═════ DATASET ENTRIES ═════
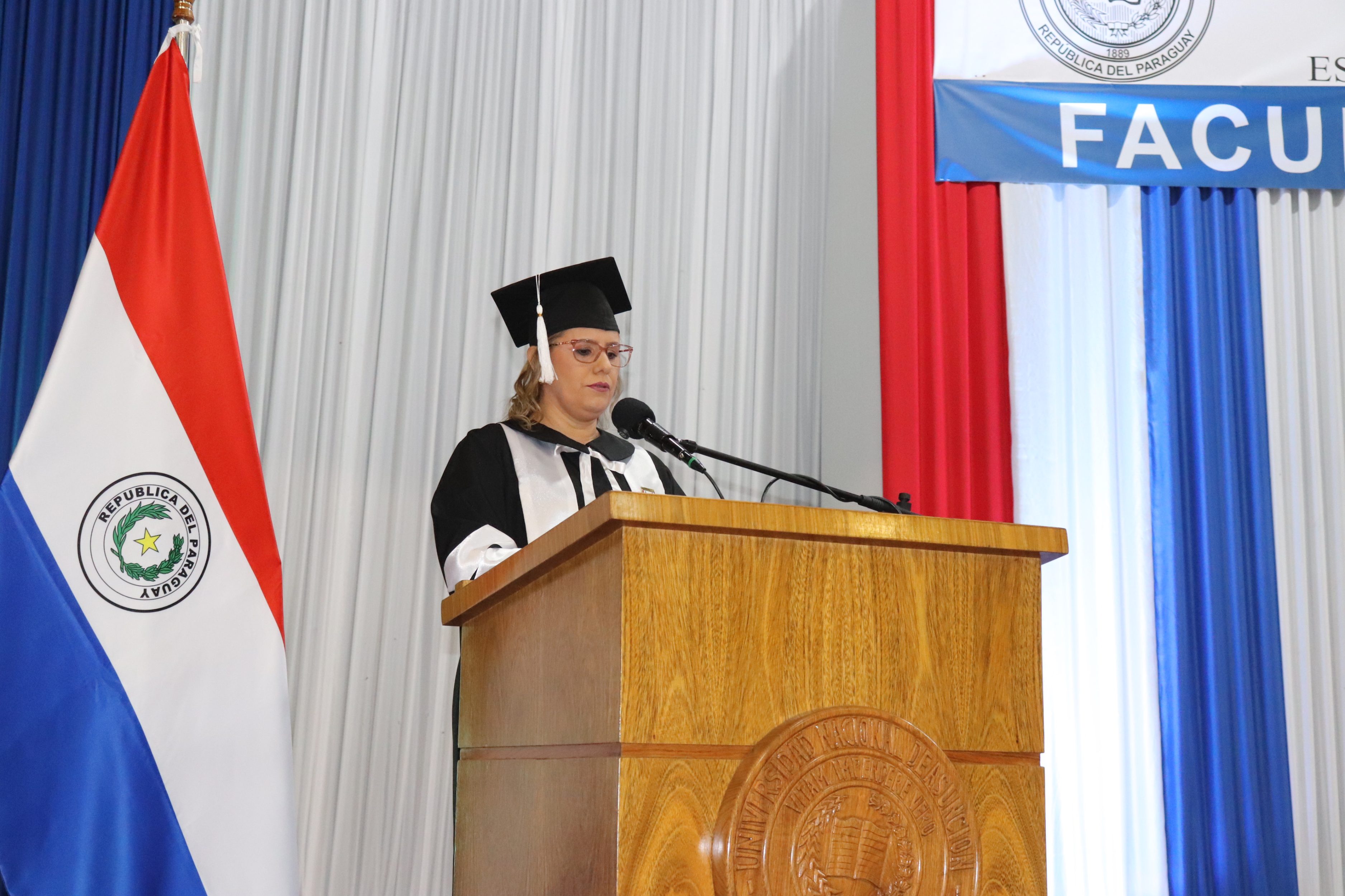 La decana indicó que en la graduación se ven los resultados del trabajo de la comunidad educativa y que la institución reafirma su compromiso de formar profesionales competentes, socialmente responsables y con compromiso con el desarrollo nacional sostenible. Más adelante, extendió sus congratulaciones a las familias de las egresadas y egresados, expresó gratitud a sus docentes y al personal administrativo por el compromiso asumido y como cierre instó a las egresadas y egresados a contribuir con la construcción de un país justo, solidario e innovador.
═════
═════ DATASET ENTRIES ═════
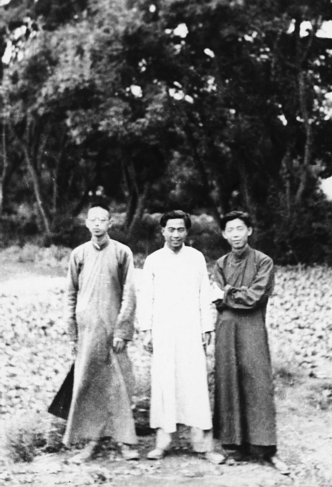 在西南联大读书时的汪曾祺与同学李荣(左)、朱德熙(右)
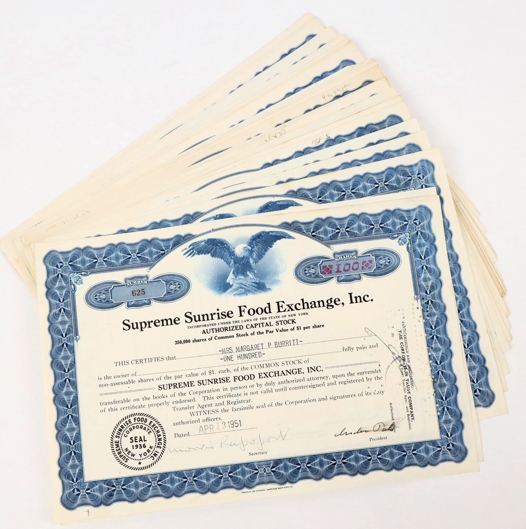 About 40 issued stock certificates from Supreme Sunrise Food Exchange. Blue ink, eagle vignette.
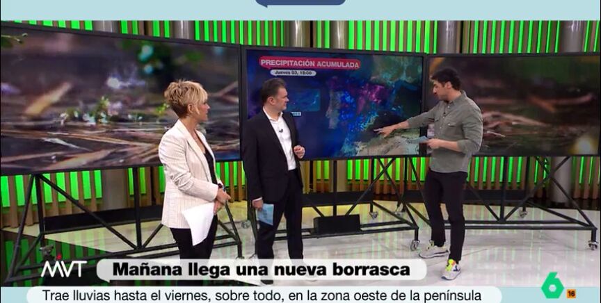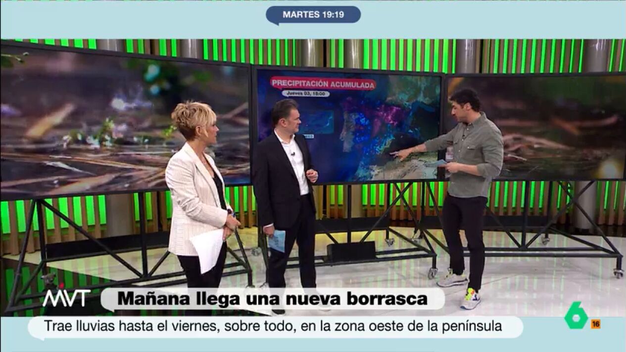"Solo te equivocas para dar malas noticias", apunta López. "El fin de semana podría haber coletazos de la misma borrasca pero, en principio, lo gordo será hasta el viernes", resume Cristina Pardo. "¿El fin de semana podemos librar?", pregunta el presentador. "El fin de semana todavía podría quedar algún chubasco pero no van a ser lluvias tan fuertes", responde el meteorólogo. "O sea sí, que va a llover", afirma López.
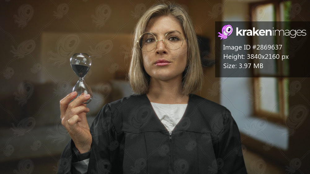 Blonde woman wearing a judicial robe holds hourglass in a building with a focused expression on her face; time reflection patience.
═════
═════ DATASET ENTRIES ═════
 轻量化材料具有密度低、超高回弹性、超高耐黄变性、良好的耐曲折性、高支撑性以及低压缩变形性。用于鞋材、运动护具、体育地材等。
═════
▶ TASK BRIEF
Write out, word for word, the stretch of entries that begins at the line with "About 40 issued" and ends at the line with "Blonde woman wearing". Pictures do not belong in it.

▶ EXPECTED OUTPUT
 About 40 issued stock certificates from Supreme Sunrise Food Exchange. Blue ink, eagle vignette.
"Solo te equivocas para dar malas noticias", apunta López. "El fin de semana podría haber coletazos de la misma borrasca pero, en principio, lo gordo será hasta el viernes", resume Cristina Pardo. "¿El fin de semana podemos librar?", pregunta el presentador. "El fin de semana todavía podría quedar algún chubasco pero no van a ser lluvias tan fuertes", responde el meteorólogo. "O sea sí, que va a llover", afirma López.
 Blonde woman wearing a judicial robe holds hourglass in a building with a focused expression on her face; time reflection patience.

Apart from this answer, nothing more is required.